Let’s blow up London.


London Has Fallen is the sequel to the surprisingly entertaining Olympus Has Fallen. We once again follow President Asher (Aaron Eckhart) and his broiest Secret Service agent Banning (Gerard Butler) as they get into all sorts of trouble in London.

The sheer absurdity of the first film ended up being a decent Die Hard clone, and much like Die Hard 2: Die Harder (yes, that is the full title) this one brings more of the same with even less charm. The Fallen films seem to want to be more Die Hard, but somehow also want to have the same narrative heft of the early Bourne films. What we end up with is a bit of a messy scenario.

The likelihood of any of the events happening in this film is slim, but this is what we want out of action films. The first one had a sort “screw it we’re going Red Dawn” vibe that worked a lot better. We are given too much information about our terrorists this time around and that makes the already awkward political imagery even more awkward.

As the world leaders gather for the funeral of the British Prime Minister an attack happens to decapitate the central command of all nations. We once again are given an exciting series of explosions to shave down all the faceless suits until it is just Asher and Banning (again). Now, alone and on the run,  they must navigate the city and try to survive before the bloodthirsty terrorists find and execute them.

A lot of folks seem to despise this film—seriously, check out the RT reviews! I think there are a lot of valid criticisms of the action genre and of this film. Primarily, did we really need a sequel? Butler isn’t as charming as a Willis or Stallone—and this makes his character just another good guy who is a tough guy. His personality is so bland in these movies that it doesn’t really feel like a sequel, but it is because we know it is. We know we know Banning, but we aren’t sure from where.

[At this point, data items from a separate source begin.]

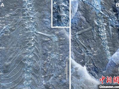 美丽莫旗蜥副型标本的肩带和前肢(A)、腰带和后肢(B)。中科院古脊椎所 供图美丽莫旗...
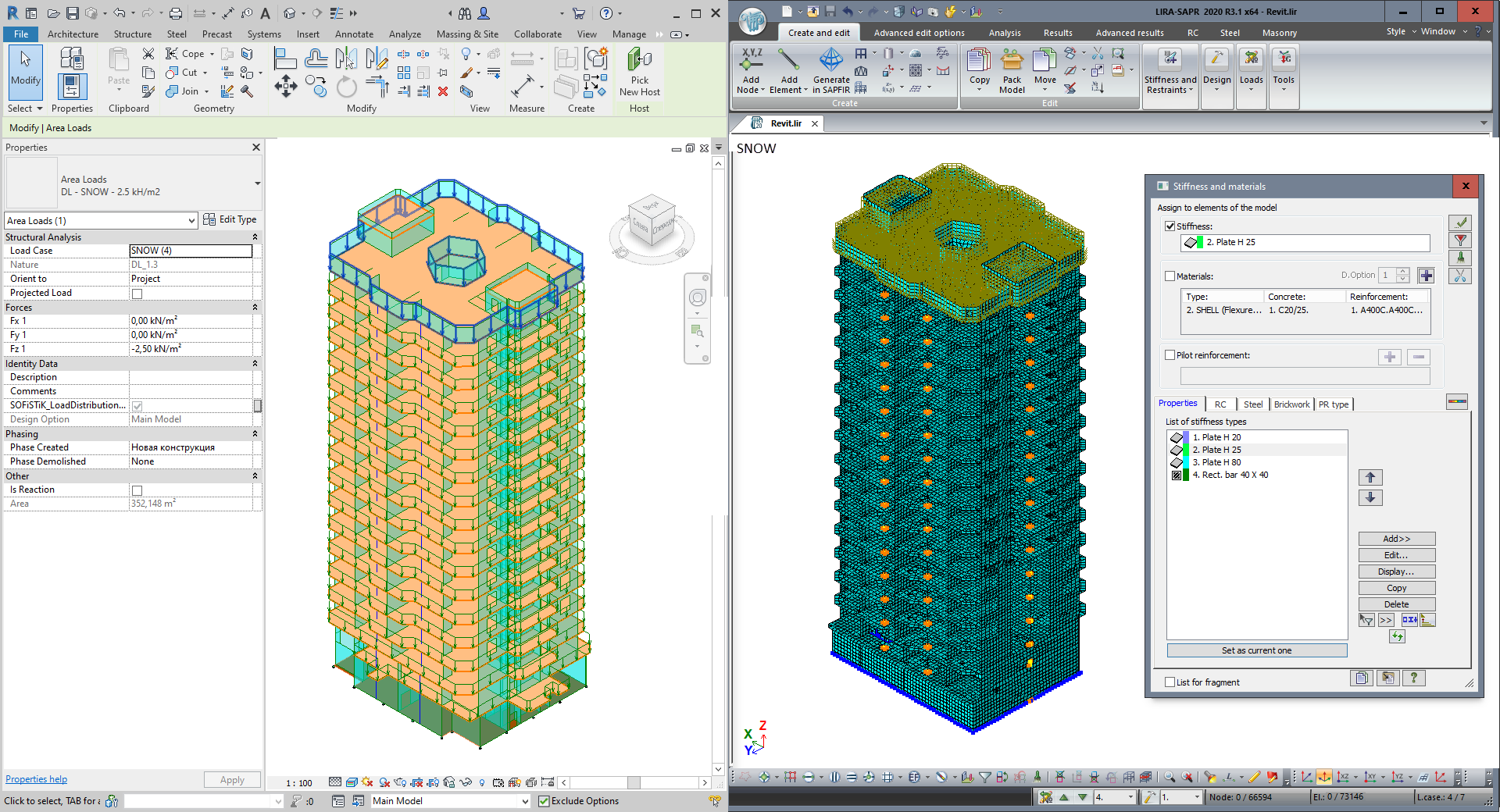 - Analytical model is imported from Revit to LIRA-FEM program where the strength analysis will be carried out.
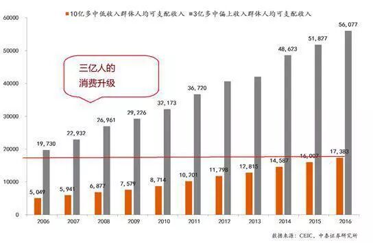 考虑到购买力平价因素,国内城镇中等偏上收入以上的3.16亿人的收入水平已接近韩国的平均水平,但人口规模接近美国。这部分人口在2017年之前,主导了中国的消费升级,但2018年以来,消费增速受收入影响,已经大幅下降。
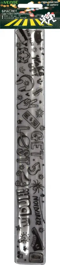 Браслет световозвращающий "deVENTE. Tattoo" 220x30 мм, белый с принтом, в пластиковом пакете с подвесом

Where will you be when diarrhea strikes?

However, most people aren’t going to watch these movies for developed characters or deep plots—they want action—and oh boy does this film bring the action. We get numerous shootouts, chases, explosions, and so forth. The climactic sequence being easily the best.

The action feels more action-y than real. We have a sort of video-game pacing and sequencing (think Modern Warfare 3) throughout. Now, this is important: this is fine. Some folks like mindless action and this movie delivers on that. I thought it was fine for an evening watch, but it certainly doesn’t explore the issues present in any sort of depth.

The lack of analysis is frustrating. Something that bothered me in the first film is the excessive use of patriotic symbols without bothering to explore or utilize these symbols in an interesting way. We are given even more issues that are chucked in without any care. I suppose they just couldn’t be bothered to make an explicit point other than heroes gonna hero and villains gonna get stabbed.

However, as noted above, we are given a bit of information about who the terrorists are and a bit about their motivations, but this only serves to set them up as the bad people who spy and kill (as opposed to the good spies and killers?). Look, if you want to rip this film apart it won’t be hard. There are enough issues present to dissect, but I do wonder what good it would do.

I said the first film was too stupid to be as propogandist as the critics say and I guess I am saying this one is more or less the same. The film offers hollow fun. Try not to think about it too much.